La recherche a demandé aux participants d’évaluer leur confiance dans leurs réponses pendant la formation, et les simulations axées sur les ransomwares étaient celles où les participants perdaient confiance dans leur prise de décision et leurs jugements. Les équipes n’ont pas voulu payer la rançon, 83% des participants déclarant qu’ils ne le feraient pas. Cependant, ils étaient également incertains du résultat s’ils ne payaient pas. Fait intéressant, le rapport a montré que les industries les plus susceptibles de payer des rançons étaient l’éducation (25%), le conseil (23%) et la vente au détail et le commerce électronique (20%).

Ce que cela signifie : ce manque de confiance dans la prise de décision indique un problème classique pour les équipes d’intervention en cas de crise, souvent qualifié de « problème épineux ».

Lors de l’examen d’options sans résolution claire, les décisions sont remises en question par la surcharge de données et la fatigue décisionnelle. La quantité d’informations peut être écrasante. Les décisions peuvent être précipitées, fondées sur l’incertitude ou même la peur. Au final, parce que le cerveau est débordé, on s’installe sur un compromis qui conduit à un manque de confiance dans la décision.

Les vulnérabilités très médiatisées voient un délai de mise en service considérablement réduit.

Quatre des cinq compétences les plus développées le plus rapidement en 2021 provenaient de la gestion des Log4j vulnérabilité. Il a fallu en moyenne deux jours aux équipes de cybersécurité pour développer les connaissances et les compétences nécessaires pour s’en défendre. C’était 48 fois plus rapide que la moyenne renseignements sur les menaces laboratoire. Cela reflète l’impact sévère de Log4j. Cela démontre également la difficulté à laquelle de nombreuses équipes ont dû faire face pour comprendre et répondre à la menace.

Ce que cela signifie : Le besoin humain d’agir est une réponse automatique, câblée dans notre cerveau, et peut amener les gens à se précipiter pour prendre des décisions, bonnes ou mauvaises.
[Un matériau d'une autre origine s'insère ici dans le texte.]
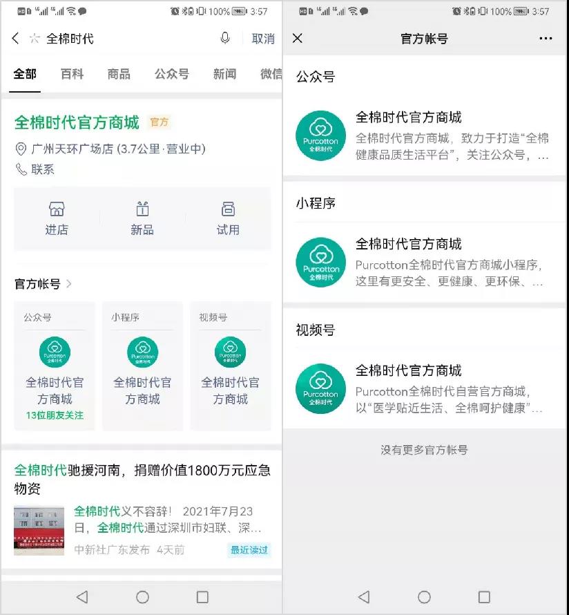 这是全棉时代在搜索渠道的「品牌专区」,它打通了公众号、小程序和视频号,通过「品牌专区」,客户可以关注公众号、访问小程序商城、打开视频号内容,还可以获悉附近门店的联系方式。

Le cerveau fait des hypothèses et prend des raccourcis basés sur des expériences antérieures, ce qui pourrait causer des problèmes aux organisations. Ces hypothèses et raccourcis, connus sous le nom de préjugés et d’heuristiques, peuvent conduire à des décisions non pertinentes qui peuvent finir par se retourner contre eux ou même aggraver les situations. Si les gens comprenaient comment leur esprit fonctionne et comment ils réagissent en cas d’urgence, ils pourraient éventuellement apprendre à contrecarrer leurs instincts naturels. Cela contribuera à accroître la confiance et l’efficacité de la prise de décision à l’avenir.

L’essentiel

La résilience de la main-d’œuvre cybernétique est plus cruciale que jamais. Les exercices de cyber-crise ne doivent pas être considérés comme un événement unique, ni être exclusifs aux cyber-équipes. Nous devons changer notre état d’esprit pour faire des exercices réguliers une fonction commerciale essentielle, en développant l’agilité cognitive de l’ensemble de la main-d’œuvre. Le développement professionnel continu doit faire partie du travail quotidien. Nous appelons ce concept “microforage”. Cela aide à affiner les compétences des équipes, à renforcer leur confiance lors de la prise de décisions et à leur permettre de prendre des décisions plus intelligentes dans des situations réelles. L’objectif n’est pas d’apprendre aux gens à réagir à une crise spécifique, mais plutôt de développer les compétences de prise de décision nécessaires pour répondre à n’importe quel crise. Les organisations ne deviendront jamais vraiment cyber-résilientes à moins qu’elles ne fassent des exercices cybernétiques réguliers au sein de la main-d’œuvre une priorité.